Entries supplied:

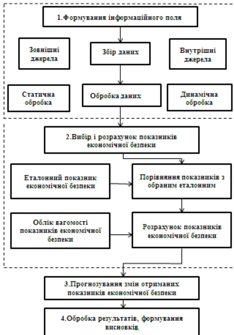
Рис. 1. Загальна схема побудови інтегральної моделі оцінювання

В якості основного інструменту досягнення цілей такого прогнозування пропонується проведення розрахунків техніко-економічних показників стану виробництва підприємства, що є основою оцінки економічної безпеки бізнесу. Для проведення розрахунків можуть бути використані спеціально розроблені моделі [4]. В якості варіанту пропонується загальна схема побудови інтегральної моделі оцінювання економічної безпеки підприємства, яка представлена на рис.1.
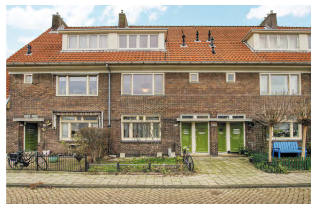
Ploegstraat 181, Oost vraagprijs € 399.000,- KK
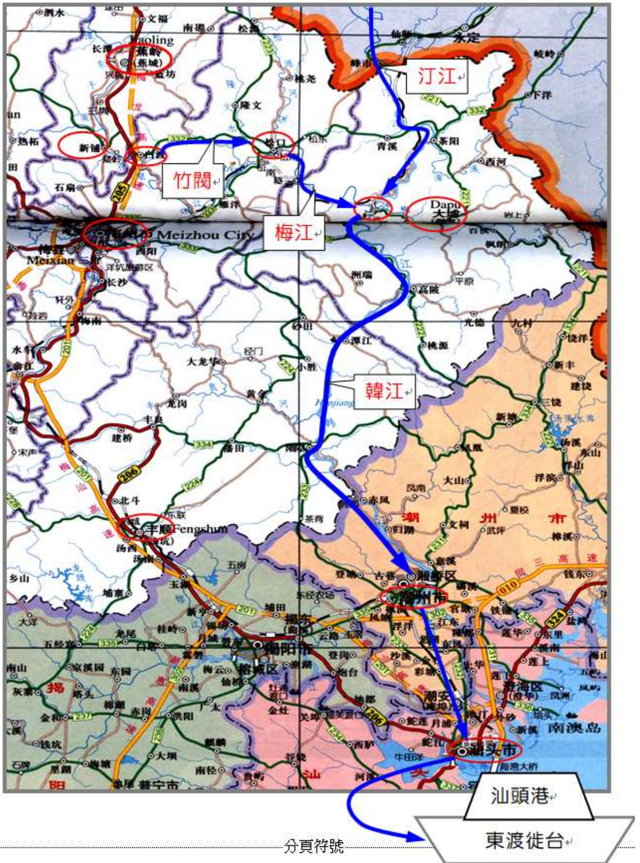
史地 9.61. 蕉嶺曾氏從汕頭港東渡台灣線路
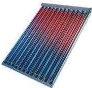
Рис. 2.2 – Вакуумний трубчастий колектор

Абсорбер закритий згори світлопрозорим обгороджуванням (один або два шари скла або прозорого, стійкого від впливу ультрафіолету пластика). Панель є теплообмінником, по каналах якого прокачується вода, що нагрівається. Вода прямує в тепло ізований бак, гідравлічно-сполучений з сонячним колектором.
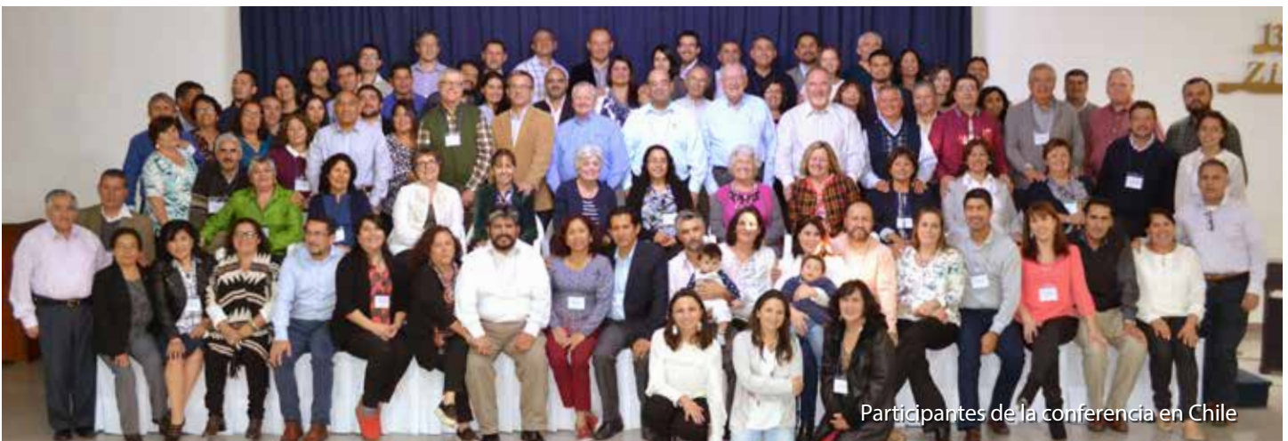
Participantes de la conferencia en Chile

Sí. Las conferencias de liderazgo en los tres lugares en Latinoamérica han sido un rotundo éxito. Pudimos sentir a Dios envuelto en todos los aspectos porque fueron para su honra y gloria y para preparar a personas que colaboren con Él en la supervivencia de su Iglesia y se cumpla con la profecía de Mateo 16:18: “y sobre esta roca edificaré mi iglesia; y las puertas del Hades no prevalecerán contra ella”. Gracias a Dios porque esta profecía sigue vigente hasta nuestros días. El milagro de la Iglesia está aún cumpliéndose. CA
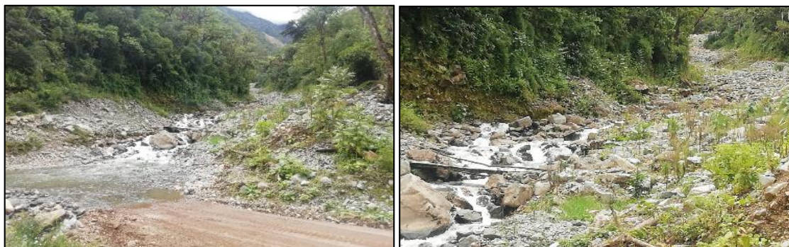
FOTO N° 02 Y N° 03: SE OBSERVA COLMATACIÓN EN EL CAUCE DE LA QUEBRADA ICHUICHU - SECTOR ICCHU
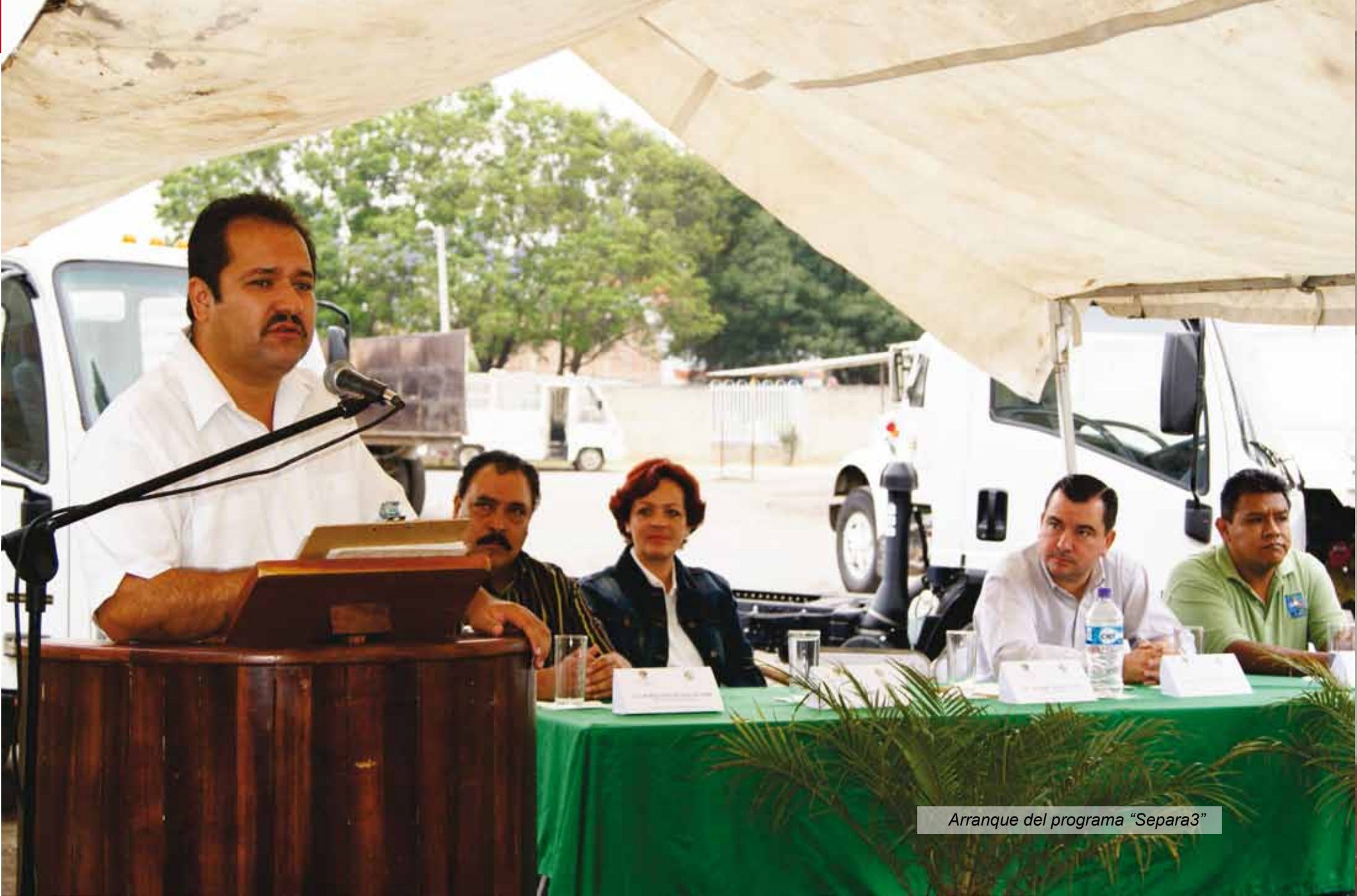
Arranque del programa "Separa3"
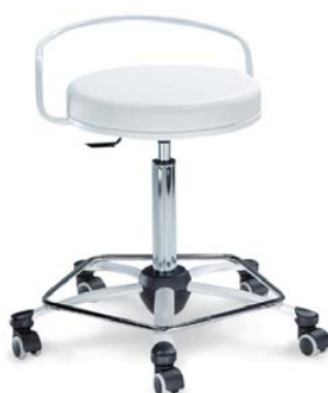
1254 62, 26 418 ■ výška sezení 54-74 cm ■ standardně měkká kolečka
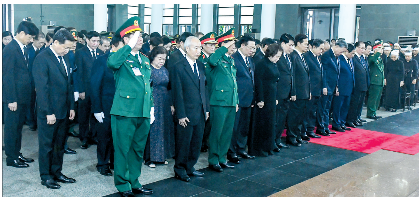
Đoàn Ban Chấp hành Trung ương Đảng Cộng sản Việt Nam do đồng chí Tô Lâm, Ủy viên Bộ Chính trị, Chủ tịch nước Cộng hòa xã hội chủ nghĩa Việt Nam làm Trưởng đoàn viếng Tổng Bí thư Nguyễn Phú Trọng.
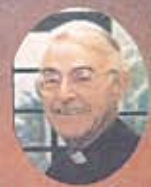
Rvdo. y Hon. Mons. Graham D. Leonard Antiguo obispo anglicano de Londres, hoy sacerdote católico.
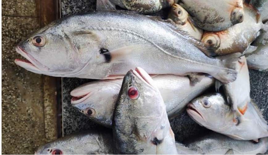
Figura 22: Plagioscion squamosissimus . Cambada.

de água preta e de peixes e camarões em águas brancas, ocasionalmente consumindo insetos. Sua primeira maturação sexual ocorre quando atinge entre 18 e 20 cm de comprimento, e a reprodução acontece durante os períodos de vazante e seca. Nesses períodos, os machos emitem sons característicos, conhecidos como "roncos", que são audíveis fora d'água.
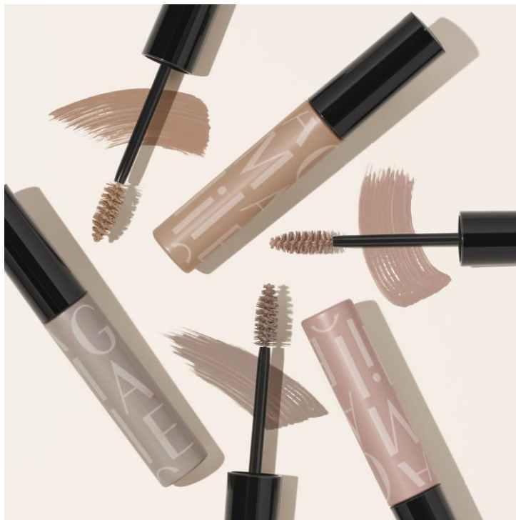
マキアージュ アイブロウカラーマスカラ
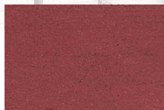
NSR 0,4 510 dunkelrot
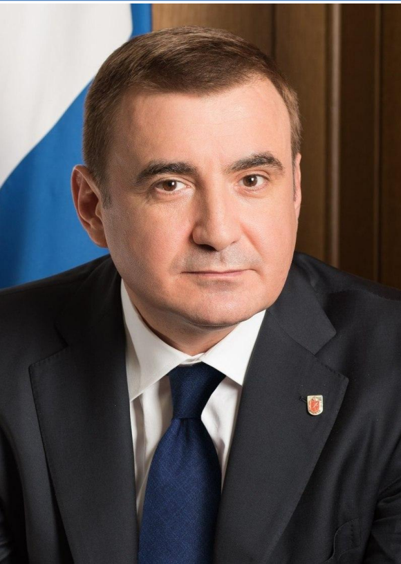
Дюмин Алексей Геннадьевич

провели тактико-специальные учения, в ходе которых были отработаны действия по переброске одного из подразделений ССО военно-транспортной и армейской авиацией, десантированию групп и груза ССО в район назначения.
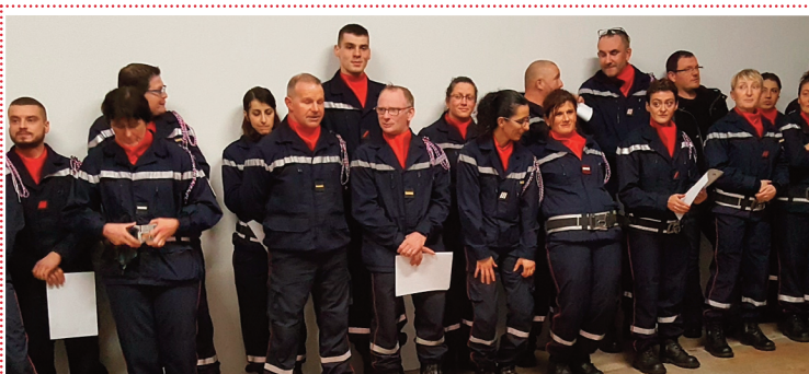
Rejoignez le centre de secours de Riom-ès-Montagnes

Le Centre d'incendie et de secours de Riom-ès-Montagnes compte 27 sapeurs-pompiers et recherche de nouveaux volontaires pour venir grossir les rangs de la caserne.
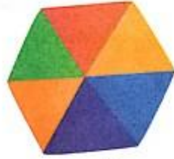
षट्कोण (shatkon) Hexagon
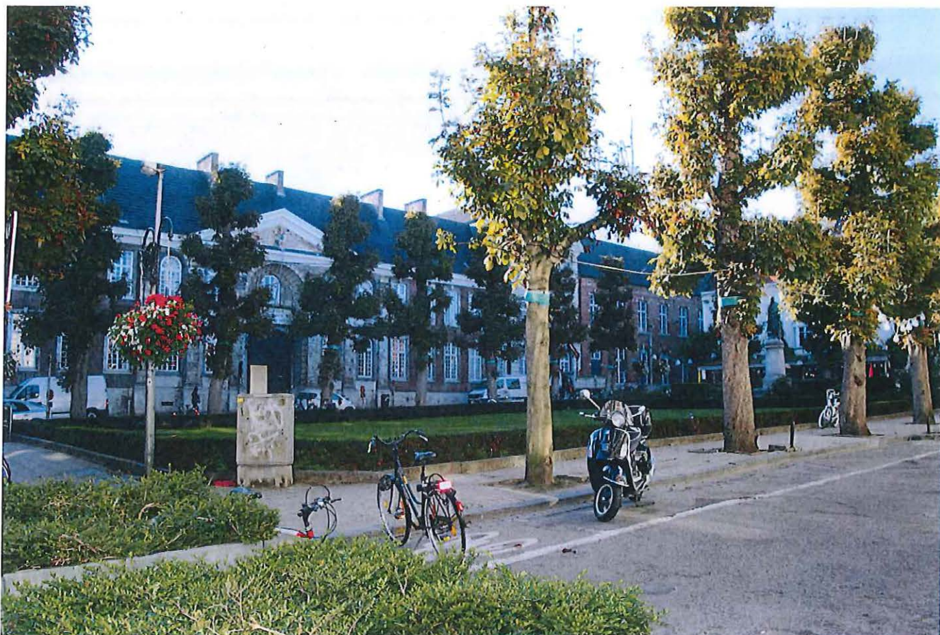
Foto 5: Hogeschoolplein, zicht op het centrale grasplein met omzomende bomenrij en standbeeld van André Dumont
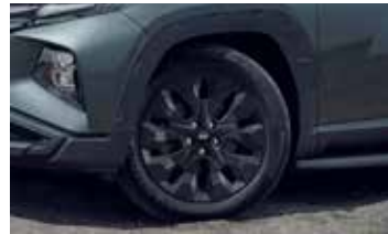
프론트 로워범퍼 휠아치 가니쉬 / 19인치 전용 알로이 휠 & 미쉐린 타이어
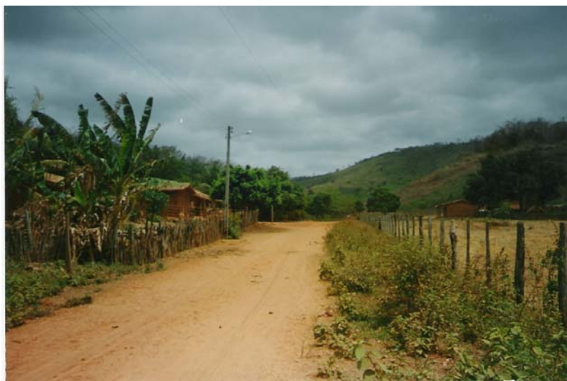
Figura 3: Centro do Henrique

Task brief:
From the line containing "マキアージュ アイブロウカラーマスカラ" through the final line of the records, write out each line exactly, and include no pictures.

Exercise response:
マキアージュ アイブロウカラーマスカラ
NSR 0,4 510 dunkelrot
Дюмин Алексей Геннадьевич

провели тактико-специальные учения, в ходе которых были отработаны действия по переброске одного из подразделений ССО военно-транспортной и армейской авиацией, десантированию групп и груза ССО в район назначения.
Rejoignez le centre de secours de Riom-ès-Montagnes

Le Centre d'incendie et de secours de Riom-ès-Montagnes compte 27 sapeurs-pompiers et recherche de nouveaux volontaires pour venir grossir les rangs de la caserne.
षट्कोण (shatkon) Hexagon
Foto 5: Hogeschoolplein, zicht op het centrale grasplein met omzomende bomenrij en standbeeld van André Dumont
프론트 로워범퍼 휠아치 가니쉬 / 19인치 전용 알로이 휠 & 미쉐린 타이어
Figura 3: Centro do Henrique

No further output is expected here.